Please post one tip per answer.

Answer 1

Pathlib from shorter files manipulations:

# get current dir, go up one dir, go down one dir, list all "py" files
# and get the whole file bytes

import os.path as p
import glob

d = p.join(p.dirname(p.abspath(__file__))), 'foo', '*.py')
for x in glob.glob(d):
    with open(x, 'rb') as f:
        do_stuff(f)

Becomes:

import pathlib as p

d = p.Path(__file__).absolute().parent / 'foo'
for f in d.glob('*.py'):
    do_stuff(f.read_bytes())

Answer 2

List all substrings

You can generate the contiguous substrings of a string s with a recursive function (Python 3 for [*s]).

f=lambda s:[*s]and[s]+f(s[1:])+f(s[:-1])

This will repeat substrings multiple times, but can be made a set to avoid repeats.

f=lambda s:{*s}and{s}|f(s[1:])|f(s[:-1])

Answer 3

To assign to a tuple, don't use parentheses. For example, a=1,2,3 assigns a to the tuple (1, 2, 3). b=7, assigns b to the tuple (7,). This works in both Python 2 and Python 3.

Answer 4

Python 2 and 3 differences

Recent challange pushed me to search for differences in two major versions of python. More precisely - same code, that returns different results in different versions. This might be helpful in other polyglot challenges.

1) Strings and bytes comparisson

• Python 2: '' == b''
• Python 3: '' != b''

2) Rounding (Luis Mendo answer)

• Python 2: round(1*0.5) = 1.0
• Python 3: round(1*0.5) = 0

3) Division (Jonathan Allan answer)

• Python 2: 10/11 = 0
• Python 3: 10/11 = 0.9090909090909091

4) Suggestions?

Answer 5

Replace not with 1-

In python, the negation operator not wastes bytes, so we have to find a shorter way. Negation can be implemented as subtraction from 1 (obtained from my Keg experiece), which saves 1 byte. (Also, True and False can be alternatively represented as 1 and 0 internally, so this will not matter much.)

Compare this program:

lambda s:not(s[0]+s[-1]).isdigit()

With this program:

lambda s:1-(s[0]+s[-1]).isdigit()

Some straightforward tricks that might help:

and -> *
or -> +

Answer 6

Math built-ins in 3.8

In addition to the famous walrus operator, Python 3.8 introduces useful new math features.

Modular inverse

The modular-power built-in pow(base, exp, mod) can now compute the modular inverse using exp=-1. This requires that base and mod are relatively prime integers.

>>> pow(38, -1, 97)
23
>>> 23 * 38 % 97 == 1
True

exp may be any negative integer, which lets you compute modular powers of the modular inverse.

---

The math library has useful new functions for combinatorics and distances. Access them with import math. Or, write from math import* to import them without the math., which is worth it if you write more than one call.

Combinatorics

• math.comb(n,k): The binomial coefficient n choose k, which equals n! / (k! * (n - k)!).
• math.perm(n,k): The number of ordered choices of k elements from n, which is n! / (n - k)!. Calling just math.perm(n) gives n!, useful as a synonym for math.factorial(n).
• math.prod(l): The product of the elements of a list or iterable l, analogous to sum.

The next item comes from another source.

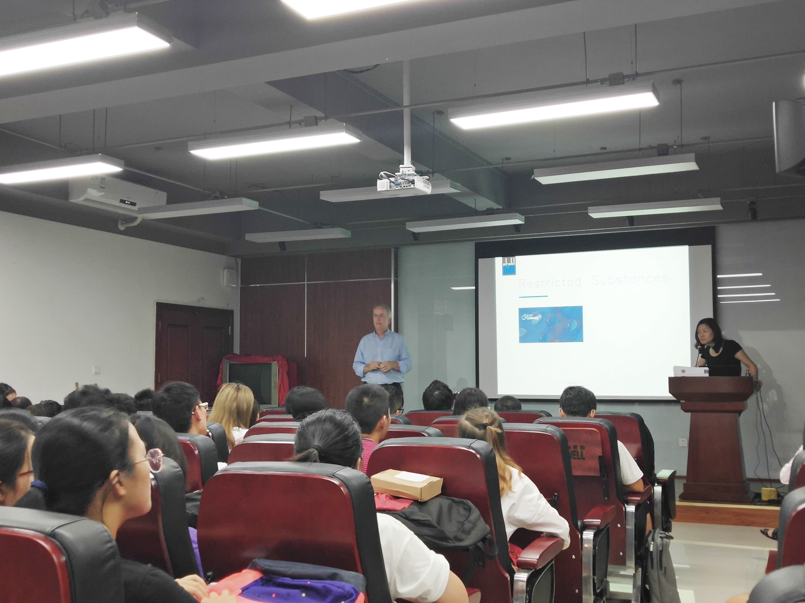 当晚19时30分,讲座顺利开始,首先由何有节院长致欢迎辞。何院长对到场来宾表示了热烈欢迎并对一直以来与我院在学术交流、人才培养上紧密合作的北安普敦大学和斯塔尔公司表达了由衷的感谢。随后来自北安普敦大学的Rachel女士就“皮革教育——对全球工业未来的持续作用”这一主题进行报告,并代表北安普敦大学皮革系对我院学生前去交流深造以及加入其大家庭表示了殷切期待。紧接着斯塔尔公司的Michael先生为学生们对“皮革行业可持续发展的进展”进行了报告,并回答了学生关于皮革行业如何能做到可持续发展以及在急剧变化的环境中如何保证市场的问题。

Distances and square roots

• math.dist(p,q): The Euclidean distance between two points p and q. The inputs p and q must be lists or iterables that are the same length.
• math.hypot(*p): The Euclidean distance from a point p to zero. Now takes any number of arguments; before it took only two. For some reason, arguments still must be splatted like math.hypot(1,2,3) rather than math.hypot([1,2,3]).
• math.isqrt(n): The integer square root, that is the floor of the square root of n. Requires than n is a non-negative integer. Usually n**.5//1 suffices instead, but this gives exact integer output rather than a float.

Answer 7

If you have multidimensional array of numbers and for instance need to count all numbers greater than n.

First flatten the array, then apply filter function to match condition:

l=[[1,[8,4,7,1],3],[5,[7],3,9],[7,3,9,[[[8]]]]]
n=5
flatten=lambda l: sum(map(flatten,l),[]) if isinstance(l,list) else [l]
len(filter(lambda x:x>n,flatten(l)))

Answer 8

To find the all the indexes of a certain element in a list l, use

filter(lambda x:l[x]==element,range(len(l)))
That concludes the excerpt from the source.